For the first time, scientists have grown plants in the soil from the moon he collected NASAApollo astronauts.
The researchers had no idea if anything would grow in lunar dust and wanted to see if it could be used to grow food by a new generation of lunar explorers. The results stunned them.
“Holy cow. Plants actually grow in lunar stuff. Are you kidding me?” said Robert Ferrell of the University of Florida’s Institute of Food and Agricultural Sciences.
Ferrell and his colleagues planted cress in lunar soil that Neil Armstrong and Buzz Aldrin of Apollo 11 and other lunar walkers brought back years ago, and the seeds sprouted.
The downside was that after the first week, the coarseness and other characteristics of the lunar soil put pressure on the small-flowered weeds to the point that they grew more slowly than seedlings grown in lunar soil fake from the ground.
Most moon plants ended up stunted. The results were published Thursday in the journal Communications Biology.
The longer the soil is exposed to cosmic radiation and the solar wind on the Moon, the worse the plants appear.
Samples from Apollo 11 — which were exposed more than two billion years ago to the elements due to the surface of the ancient lunar sea of calm — were the least suitable for growth, according to the scientists.
“This is a huge step forward for knowing that you can grow plants,” said Simon Gilroy, an aerospace plant biologist at the University of Wisconsin-Madison, who was not involved in the study. “The next real step is to go and do it on the moon.”
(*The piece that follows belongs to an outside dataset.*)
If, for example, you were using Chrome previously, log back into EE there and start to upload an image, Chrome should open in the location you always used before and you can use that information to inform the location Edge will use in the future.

Lunar dust is littered with tiny glass shards from micrometeorite impacts that reached everywhere in the Apollo lunar landers and donned spacesuits for moonwalks.
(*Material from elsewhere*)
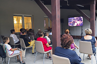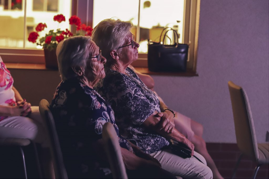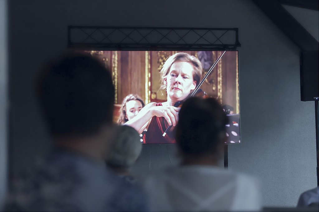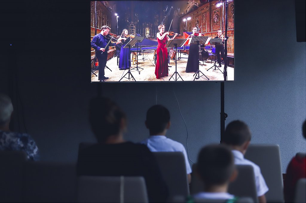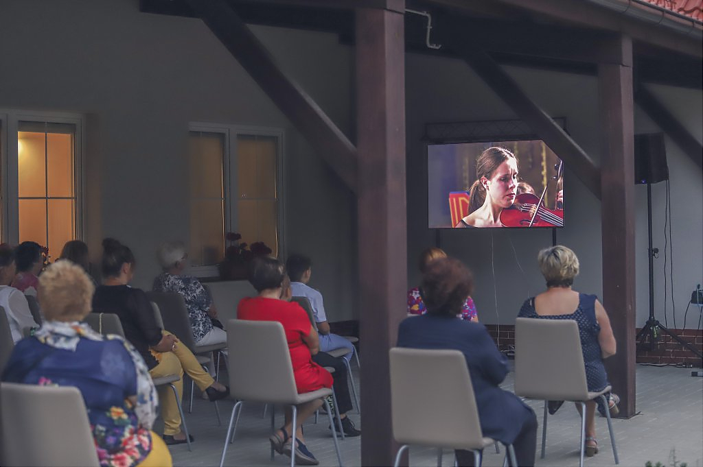 Piękne i hipnotyzujące dźwięki muzyki dawnej rozbrzmiewały z głośników na tarasie świetlicy wprowadzając przybyłych gości w anielski nastrój, o czym mówili już po projekcji. Dodatkowo serwowano pyszne ciasto, kawę i napoje. Takie wieczory z muzyka klasyczną to idealne chwile dla relaksu i odprężenia po całodziennych obowiązkach.

One solution might be to use younger geological spots on the Moon, such as lava flows, to dig up cultivated soil. The environment can also be modified, changing the mixture of nutrients or adjusting artificial lighting.
Only 842 pounds of moon rock and soil were brought in by six Apollo crews, most of them locked away.
NASA finally distributed 12 grams to University of Florida researchers early last year, and the much-anticipated cultivation took place last May in a lab.